··· LISTED RECORDS

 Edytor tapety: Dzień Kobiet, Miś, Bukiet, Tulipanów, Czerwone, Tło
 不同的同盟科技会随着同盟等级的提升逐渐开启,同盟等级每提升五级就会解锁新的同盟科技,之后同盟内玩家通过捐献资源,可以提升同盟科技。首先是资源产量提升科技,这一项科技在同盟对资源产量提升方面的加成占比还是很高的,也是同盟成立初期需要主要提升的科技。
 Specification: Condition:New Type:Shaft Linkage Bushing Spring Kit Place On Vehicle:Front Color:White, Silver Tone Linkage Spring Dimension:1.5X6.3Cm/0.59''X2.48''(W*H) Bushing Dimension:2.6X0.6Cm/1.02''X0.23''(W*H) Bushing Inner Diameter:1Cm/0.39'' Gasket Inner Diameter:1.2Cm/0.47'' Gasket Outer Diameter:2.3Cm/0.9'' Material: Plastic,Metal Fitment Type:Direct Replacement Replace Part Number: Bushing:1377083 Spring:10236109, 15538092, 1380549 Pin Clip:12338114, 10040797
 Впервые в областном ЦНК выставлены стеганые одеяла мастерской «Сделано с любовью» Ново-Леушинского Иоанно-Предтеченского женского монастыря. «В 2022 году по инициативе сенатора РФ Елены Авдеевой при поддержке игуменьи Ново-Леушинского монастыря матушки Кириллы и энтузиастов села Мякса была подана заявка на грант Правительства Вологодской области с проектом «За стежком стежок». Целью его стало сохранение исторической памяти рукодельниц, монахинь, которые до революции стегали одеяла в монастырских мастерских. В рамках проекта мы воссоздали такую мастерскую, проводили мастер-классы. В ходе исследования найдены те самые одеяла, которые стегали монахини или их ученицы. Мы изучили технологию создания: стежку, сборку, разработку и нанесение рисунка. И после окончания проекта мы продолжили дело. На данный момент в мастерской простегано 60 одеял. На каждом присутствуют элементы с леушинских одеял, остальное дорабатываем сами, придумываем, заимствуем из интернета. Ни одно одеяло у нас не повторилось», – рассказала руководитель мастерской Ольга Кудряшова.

······
··· LISTED RECORDS

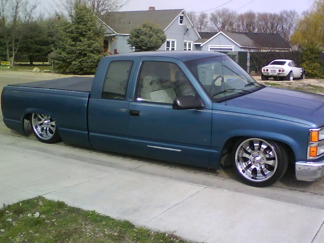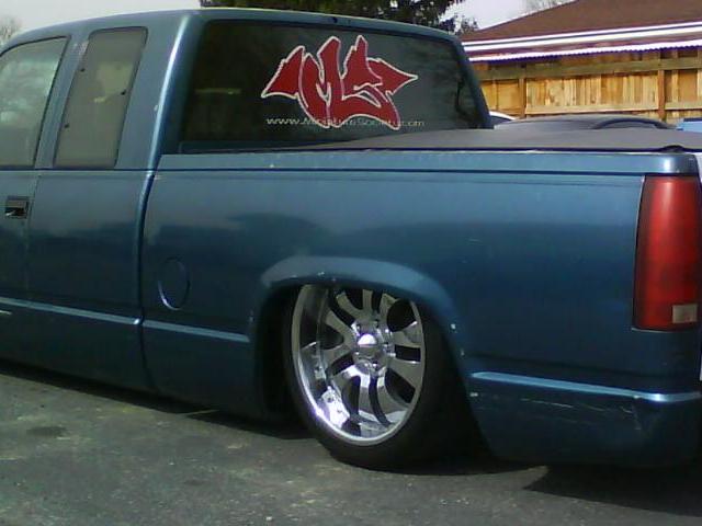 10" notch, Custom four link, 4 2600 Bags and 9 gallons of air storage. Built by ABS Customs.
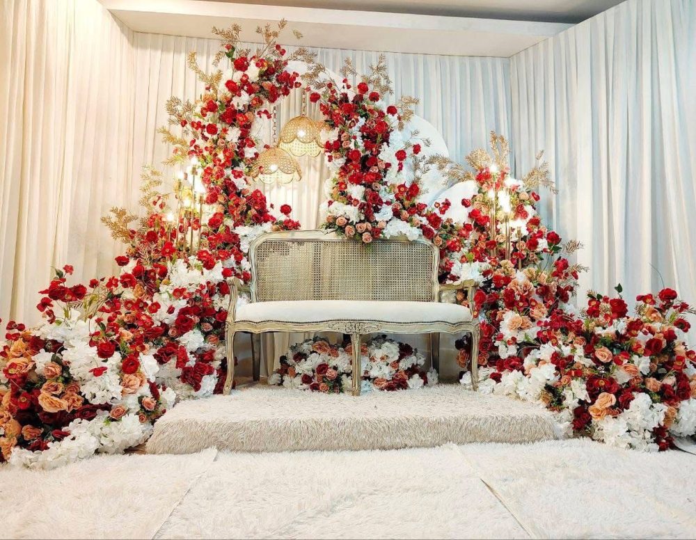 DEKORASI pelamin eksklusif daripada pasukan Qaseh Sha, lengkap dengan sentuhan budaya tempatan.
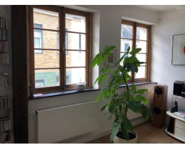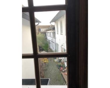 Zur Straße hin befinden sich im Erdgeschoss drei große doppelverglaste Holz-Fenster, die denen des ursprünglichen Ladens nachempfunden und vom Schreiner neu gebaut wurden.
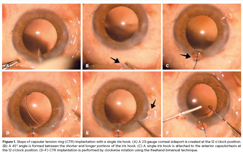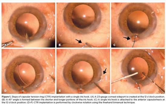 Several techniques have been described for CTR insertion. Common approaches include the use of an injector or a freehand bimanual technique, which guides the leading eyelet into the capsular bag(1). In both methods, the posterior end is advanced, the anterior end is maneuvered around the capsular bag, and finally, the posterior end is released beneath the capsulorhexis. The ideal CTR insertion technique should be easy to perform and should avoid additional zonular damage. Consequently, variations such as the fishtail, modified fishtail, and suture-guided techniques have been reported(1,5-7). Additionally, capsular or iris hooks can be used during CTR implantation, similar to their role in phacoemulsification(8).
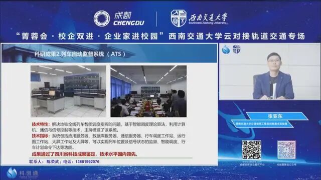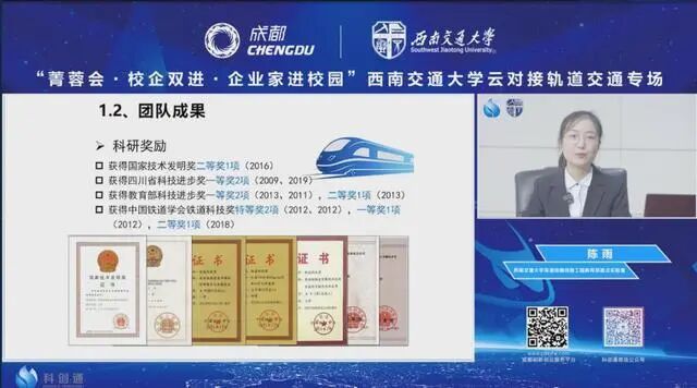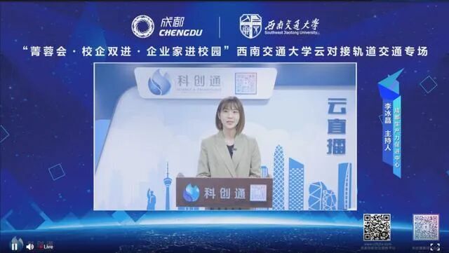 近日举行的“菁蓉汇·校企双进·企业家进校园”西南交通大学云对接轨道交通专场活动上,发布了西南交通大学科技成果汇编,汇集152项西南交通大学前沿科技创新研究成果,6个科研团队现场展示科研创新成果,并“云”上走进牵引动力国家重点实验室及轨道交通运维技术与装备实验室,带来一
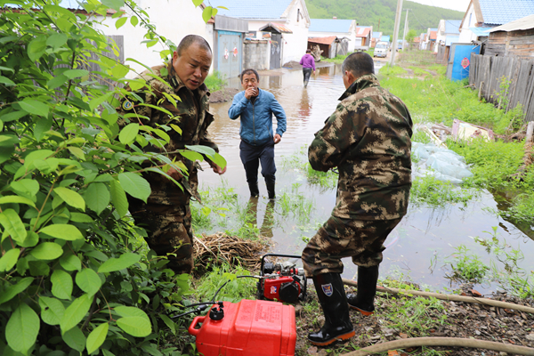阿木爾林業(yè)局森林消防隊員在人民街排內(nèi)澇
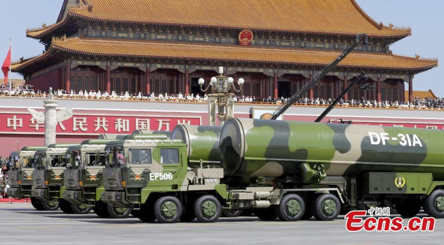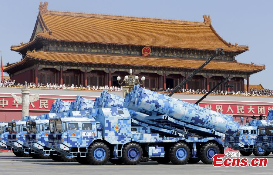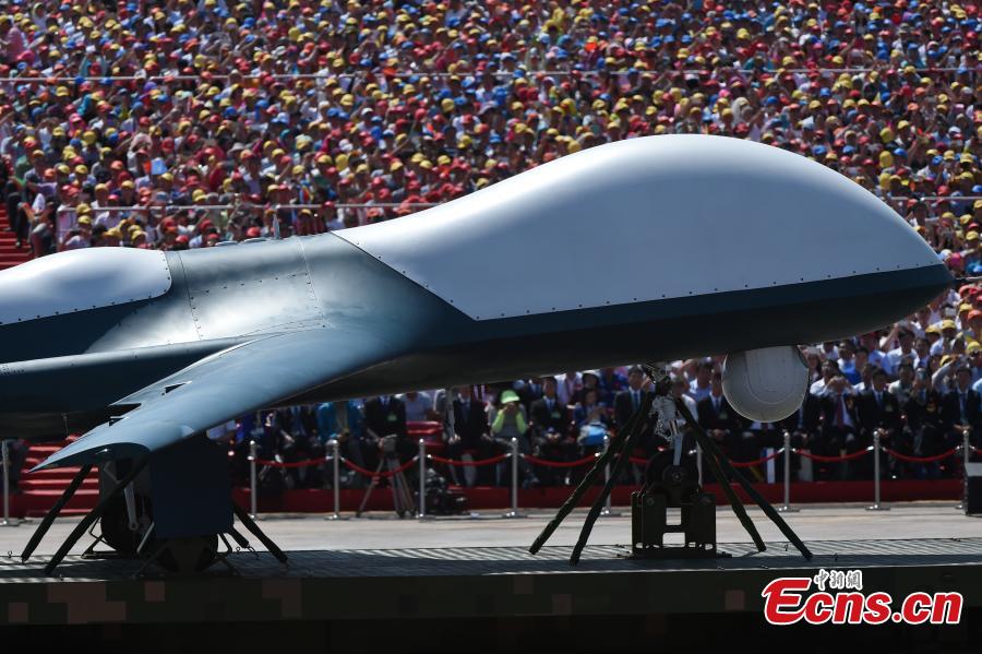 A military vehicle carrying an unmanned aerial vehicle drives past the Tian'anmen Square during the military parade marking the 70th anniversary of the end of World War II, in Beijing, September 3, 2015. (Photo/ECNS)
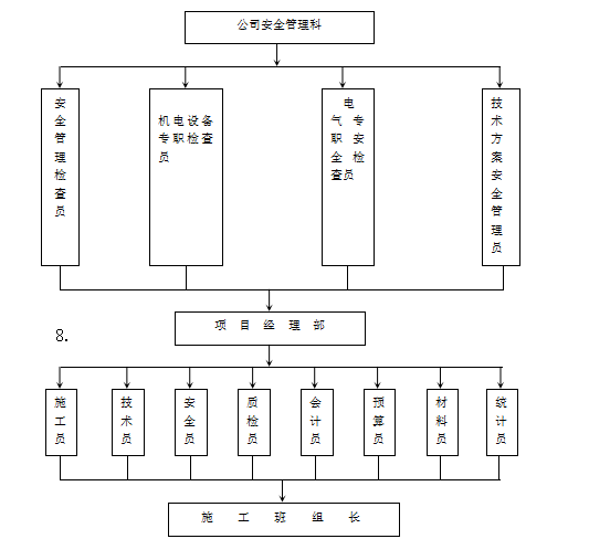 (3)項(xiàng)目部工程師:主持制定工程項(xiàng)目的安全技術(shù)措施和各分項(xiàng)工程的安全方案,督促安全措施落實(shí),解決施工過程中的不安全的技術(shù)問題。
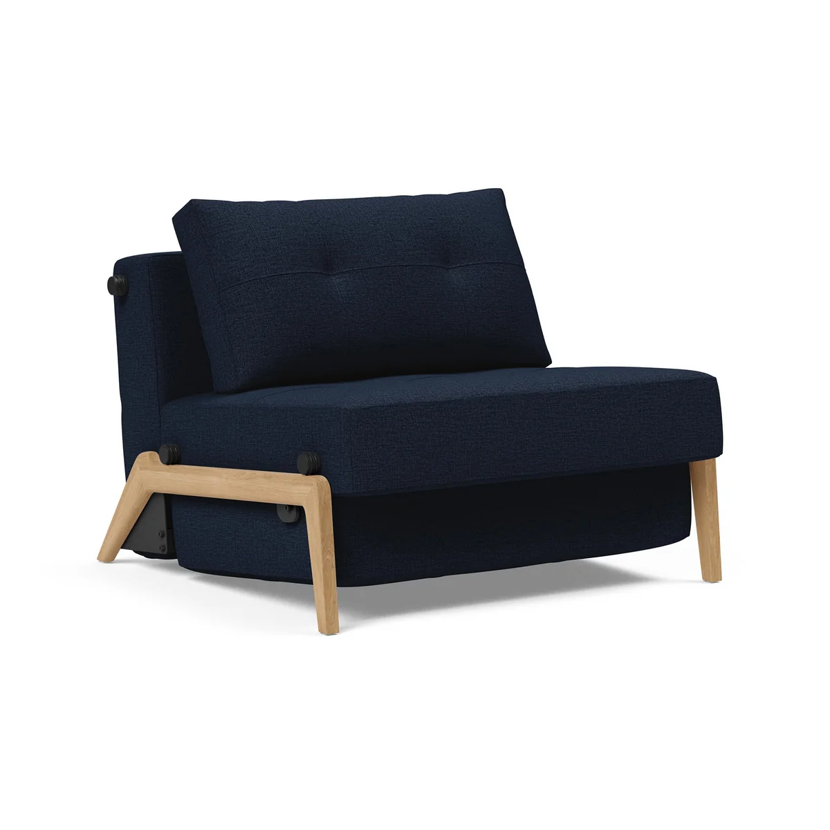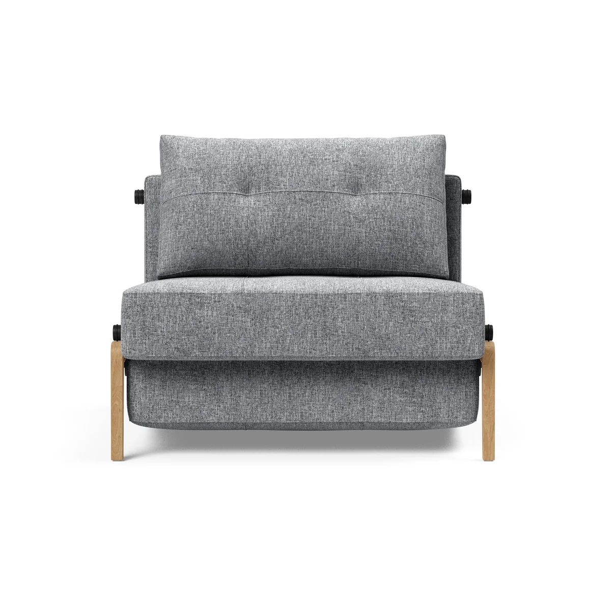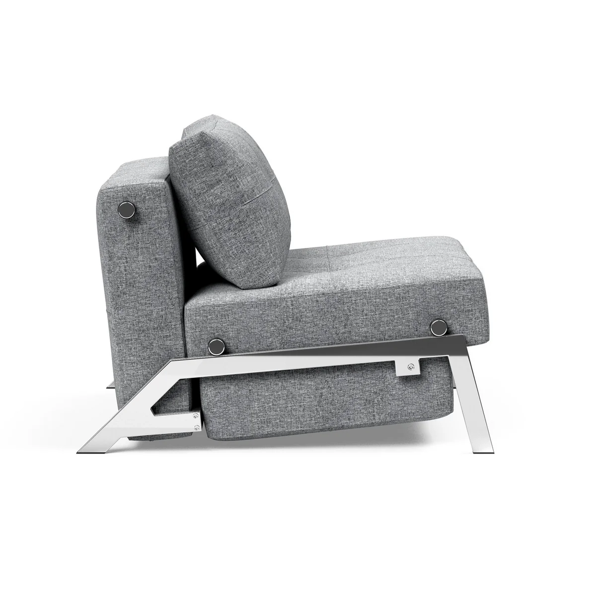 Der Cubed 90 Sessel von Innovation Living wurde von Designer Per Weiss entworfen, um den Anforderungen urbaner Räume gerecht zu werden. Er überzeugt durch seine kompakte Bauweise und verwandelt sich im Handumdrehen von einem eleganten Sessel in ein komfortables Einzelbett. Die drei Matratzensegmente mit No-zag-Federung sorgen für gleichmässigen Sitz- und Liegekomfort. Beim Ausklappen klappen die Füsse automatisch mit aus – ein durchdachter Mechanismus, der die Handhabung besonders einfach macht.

······
··· LISTED RECORDS

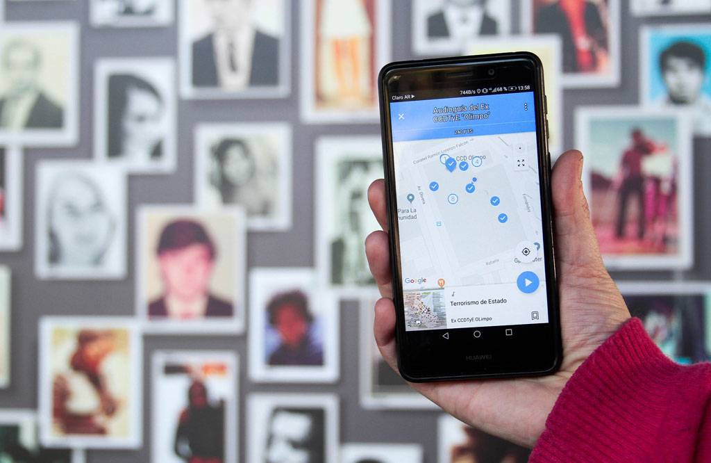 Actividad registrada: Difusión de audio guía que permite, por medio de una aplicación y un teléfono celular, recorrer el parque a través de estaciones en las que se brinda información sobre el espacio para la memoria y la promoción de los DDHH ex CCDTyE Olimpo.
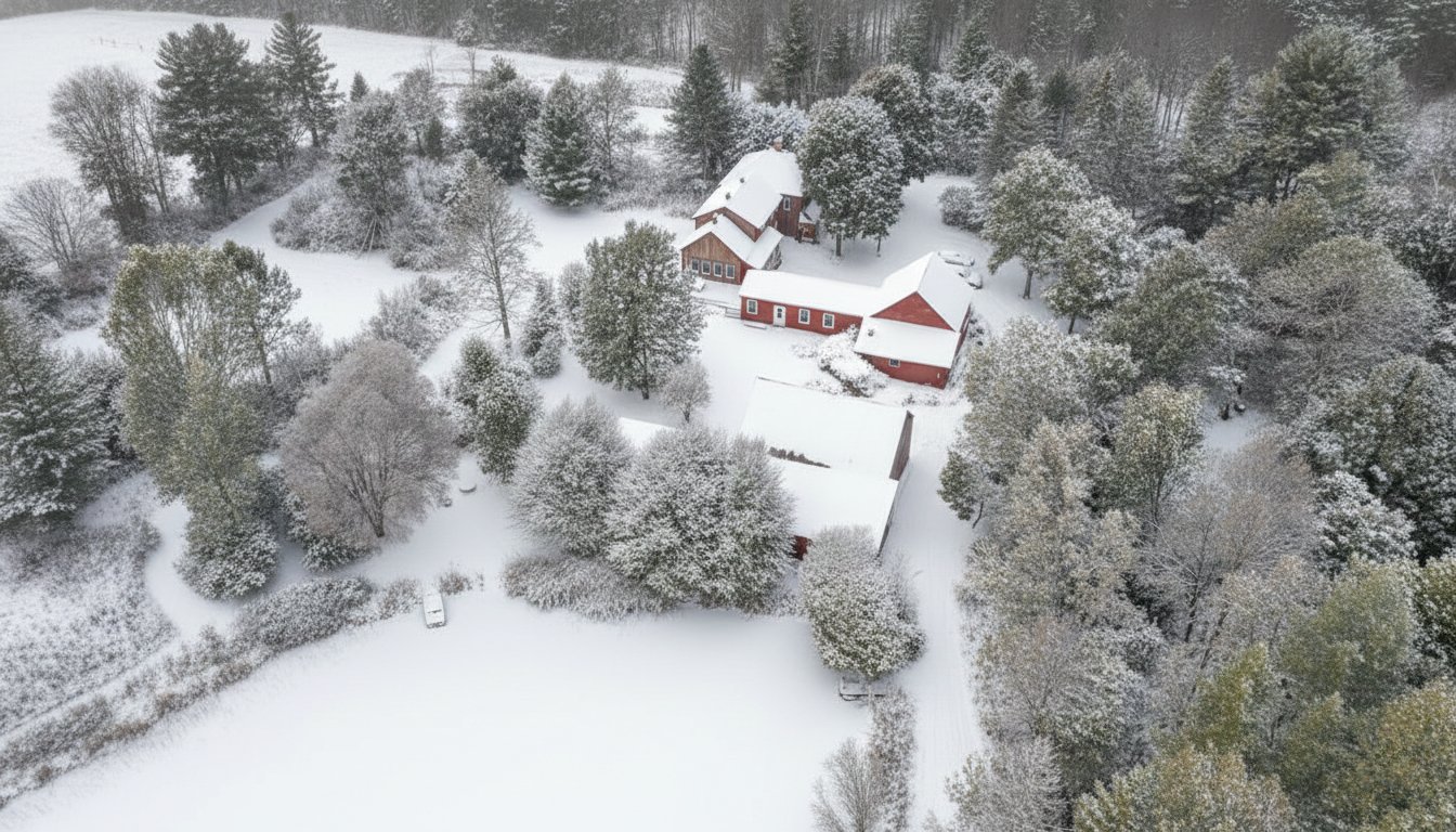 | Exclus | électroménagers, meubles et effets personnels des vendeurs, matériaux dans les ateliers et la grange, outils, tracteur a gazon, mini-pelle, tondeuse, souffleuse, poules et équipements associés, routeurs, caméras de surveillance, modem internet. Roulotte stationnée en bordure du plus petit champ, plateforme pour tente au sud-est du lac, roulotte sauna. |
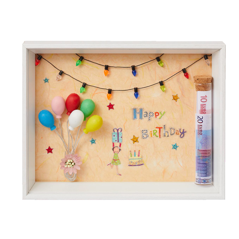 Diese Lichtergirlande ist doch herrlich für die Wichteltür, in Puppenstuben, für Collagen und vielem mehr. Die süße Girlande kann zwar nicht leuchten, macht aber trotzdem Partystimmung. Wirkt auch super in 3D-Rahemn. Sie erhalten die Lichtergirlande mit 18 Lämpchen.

······

-- EXERCISE REQUIREMENTS --
Within these entries, output exactly the lines starting at the one with "by ABS Customs." and finishing at the one with "Zur Straße hin". Leave pictures out of the output.

-- TASK OUTPUT --
 10" notch, Custom four link, 4 2600 Bags and 9 gallons of air storage. Built by ABS Customs.
 DEKORASI pelamin eksklusif daripada pasukan Qaseh Sha, lengkap dengan sentuhan budaya tempatan.
 Zur Straße hin befinden sich im Erdgeschoss drei große doppelverglaste Holz-Fenster, die denen des ursprünglichen Ladens nachempfunden und vom Schreiner neu gebaut wurden.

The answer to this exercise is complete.